そして、こんな求愛をされても、それでもすぐに首をタテに振れない自分は、一体何者だというのか?
悦びと罪悪感が一体となって、アキラをさいなむ。
そっと唇を噛み締め、いたたまれない気持ちでヒカルから目を逸らした。
その苦悶の表情が、ヒカルにもはっきりと見て取れたのだろう。すかさず、でもさり気なくヒカルが救いの手を伸べた。
「う〜ん、そういう顔ってさ、盤上で追い詰められた時でも滅多に見せないジャン?お前。スッゲ綺麗。そんでもって、怖い。その顔も、そんな顔するお前の心も、全部俺が欲しい。我侭、上等ジャン?だからお前は変わらなくていいんだってば。そのまんまの塔矢アキラでいろって。お前のさ、その簡単に信念を曲げねーキビシイとこがいいんだって。ひゃ〜、俺ってちょっとマゾ入ってるかな?ははは・・・。」
高らかに笑うヒカルの体が、大きく揺れた。
それに合わせて橋の上の街灯の優しい光が、角度を変えては、アキラの目の前でヒカルを照らし出す。
ヒカルの頭に乗った花びらが光る。その存在をアキラに見せ付けるように、光る。
街灯が眩しいのか。ヒカルの全てが眩しいのか。
それはわからないが、アキラの心が何がしかの光に照らされ勇気が湧いたのは、確かのようだった。
アキラは今度こそ躊躇いなく腕を伸ばし、金色の前髪に貼り付いた花びらをそっと手に取った。
指先でつまんだその手付きまで、奇跡のように美しいとヒカルはうっとりと見詰めた。
アキラはゆっくりとそれに口付けて、それからその花びらをヒカルの唇に押し当てた。
ねじ込むような仕草を合図に、ヒカルはうっすらと唇を開き、覗かせた舌先でその儚きものを受け止める。

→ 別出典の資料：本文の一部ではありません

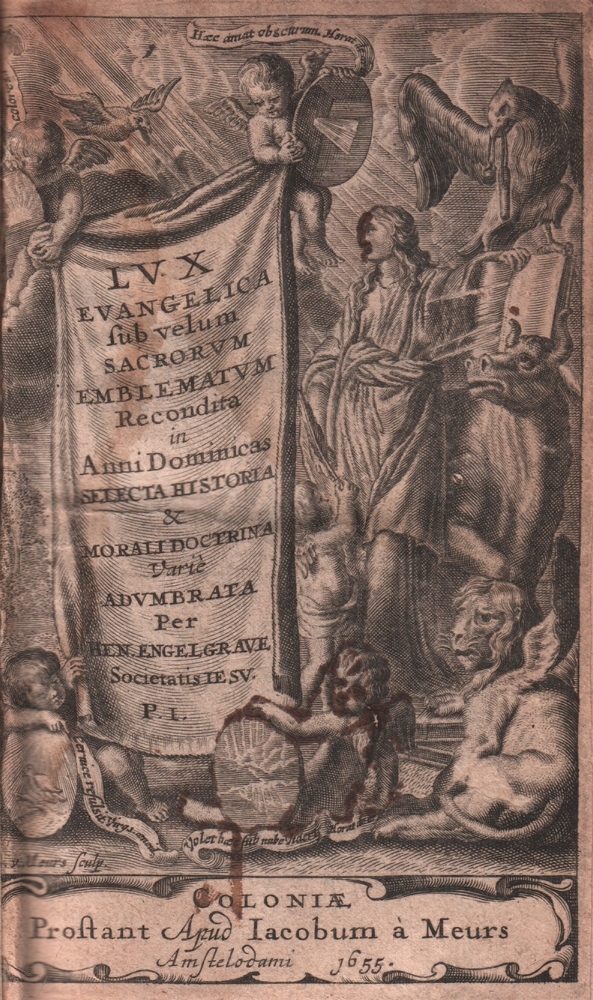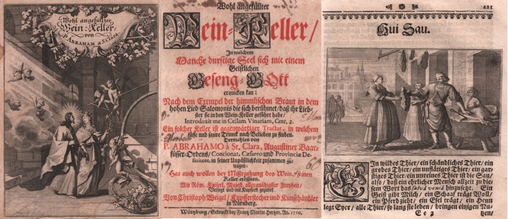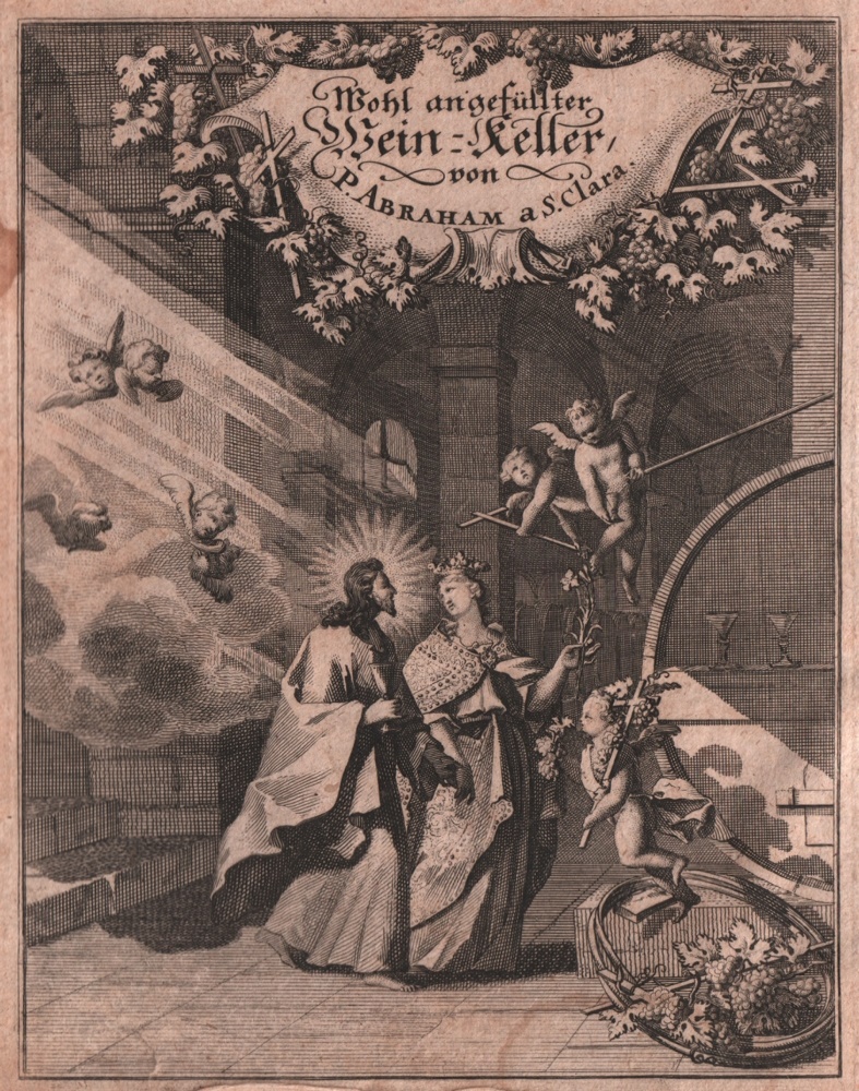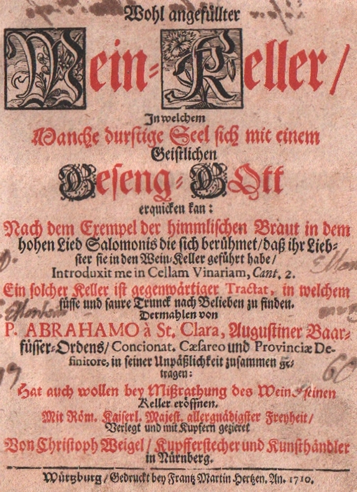 576 Abraham à Sancta Clara. Wohl angefüllter Wein – Keller / In welchem Manche durstige Seel sich mit einem Geistlichen Geseng - Gott erquicken kan: Nach dem Exempel der himmlischen Braut in dem hohen Lied Salomonis die sich berühmet / daß ihr Liebster sie in den Wein - Keller geführt habe ... / Dermahlen von P. Abraham à St. Clara, Augustiner Baarfüsser - Ordens ... in seiner Unpäßlichkeit zusammen getragen … Würzburg, Hertz für Christoph Weigel in Nürnberg, 1710. 8°. Mit 1 gestochenen Frontispiz und 50 Textkupfern. 7 Bll. (inkl Titel), 521 Seiten, 11 Bll. Register. Pergamentband mit Bezug aus altem Antiphonarblatt. (79)

やがてアキラの指が離れていったが、その指先は微かに光っている。
ヒカルの唾液が濡らしたのは間違いなく、その妖しくも美しい一連の光景は、ヒカルの脳裏に死ぬまで忘れられない映像となって残ることになる―――
「間接キスで我慢しろ。君がそう言うなら僕も覚悟を決めた。ご褒美はきっと、先で受け取る方が喜びも大きいんだろうな。ふふ・・・どんな味がする?その花びらは・・・。」
その答えを聞くつもりはないらしく、アキラは言い終わらないうちに身を翻して歩き出した。
アキラの起こした風に吹かれて、足元の花びらがふわり・・・と舞い上がる。
取り残されそうになったヒカルが慌てて追うと、更に花びらは煽られて、小さな嵐が生まれた。

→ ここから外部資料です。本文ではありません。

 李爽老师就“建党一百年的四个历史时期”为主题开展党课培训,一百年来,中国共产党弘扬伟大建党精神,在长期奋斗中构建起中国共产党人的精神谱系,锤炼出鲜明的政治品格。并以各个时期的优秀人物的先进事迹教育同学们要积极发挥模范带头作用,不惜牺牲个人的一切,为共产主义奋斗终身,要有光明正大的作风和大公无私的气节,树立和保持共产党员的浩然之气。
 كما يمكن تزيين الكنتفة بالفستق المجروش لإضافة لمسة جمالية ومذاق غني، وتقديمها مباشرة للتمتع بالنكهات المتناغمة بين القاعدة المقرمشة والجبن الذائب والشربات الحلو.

それはアキラとヒカルの足元で渦を巻きながら、二人の行方を追い掛けていく。まるで、二人を引き止めたくてそうしているかのようだ。
「お〜い、塔矢!なあなあ、今夜はカウントされる?一日目?今から打ってもいいけど?」
「甘い。明日からに決まってるだろう?明日が記念すべき一夜目だ。」
「げーっ!やっぱお前鬼だっ!」
「うるさい。さっさと帰るぞ。」
明るい若者の話声が、夜桜の合間を縫って流れては、夜風に千切れていった・・・
そうして始まったのだ。
ヒカルにとっても、アキラにとっても、長い長い百日間が。
それは二人にとってたくさんのことを語り合い、知らなかった互いを知り、初めて味わう感情に翻弄され。
そして、何ものにもかえがたい日々に変わることを、この夜の二人はまだ知らない。